By Sarah Pennington | January 11, 2026
Pantry Pasta with Canned Clams and White Wine Sauce

Why This Recipe Works

  • Pantry Perfect: every ingredient is shelf-stable or freezer-friendly, so you can cook whenever the craving strikes.
  • Restaurant-Level Flavor: the trick of reducing clam juice with wine, garlic, and butter creates a silky, ocean-kissed sauce that rivals any bistro.
  • One-Pot Efficiency: boil the pasta while the sauce simmers; dinner is on the table in 25 minutes flat.
  • Flexible Foundations: swap spaghetti for penne, parsley for basil, or add chili flakes to suit your mood.
  • Protein-Packed & Budget-Smart: canned clams deliver iron and lean protein at a fraction of fresh seafood cost.
  • Elevated Comfort: buttery, garlicky noodles with a subtle wine brightness feel both cozy and sophisticated.

Ingredients You'll Need

Ingredients

Before we dive into the method, let’s talk ingredients—because even pantry recipes deserve a little discernment.
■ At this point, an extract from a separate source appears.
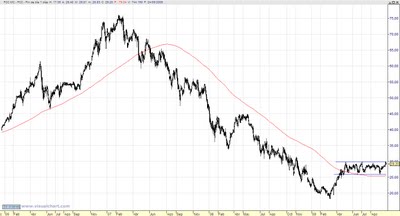 En la actualidad, se encuentra en un claro movimiento lateral por encima de su media móvil de 200 sesiones y enfrentándose desde hace varios meses con la fuerte resistencia que posee en los 30 euros.

  • Dried Pasta: Linguine is classic, but any long pasta (spaghetti, fettuccine, bucatini) grabs the sauce beautifully. Whole-wheat or gluten-free varieties work; just shave 1 minute off the cook time.
  • Canned Clams: Look for whole baby clams packed in juice, not just chopped bits. The juice is liquid gold—reserve every drop. If you’re allergic, substitute canned oysters or mussels.
  • Dry White Wine: A $10 Pinot Grigio or Sauvignon Blanc is perfect. Avoid “cooking wine” from the condiment aisle; it’s salty and dull. Non-alcoholic? Use stock plus 1 Tbsp lemon juice.
  • Unsalted Butter: Salted butter works in a pinch, but unsalted lets you control salinity, especially because clam juice varies in brininess.
  • Extra-Virgin Olive Oil: A glug for the sauce plus another to finish adds fruity depth. Choose a fresh bottle (under 18 months old) for best flavor.
  • Garlic: Fresh cloves, minced by hand or pressed, release the most allicin. Jarred garlic is acceptable but use 1.5Ă— the amount.
  • Red Pepper Flakes: Optional but highly recommended for gentle heat. A pinch blooms in the fat and perfumes the whole dish.
  • Fresh Parsley: Flat-leaf (Italian) holds up to heat better than curly. In winter months, swap for 1 tsp dried parsley plus 1 Tbsp fresh celery leaves for color.
  • Lemon Zest & Juice: Brightens the oceanic notes. Use organic lemons if possible; conventional peels can carry wax.
  • Parmesan (optional): A micro-planed snowfall on top adds umami. Skip it and you’ve got a pescatarian dream; add it and you’ve got coastal comfort.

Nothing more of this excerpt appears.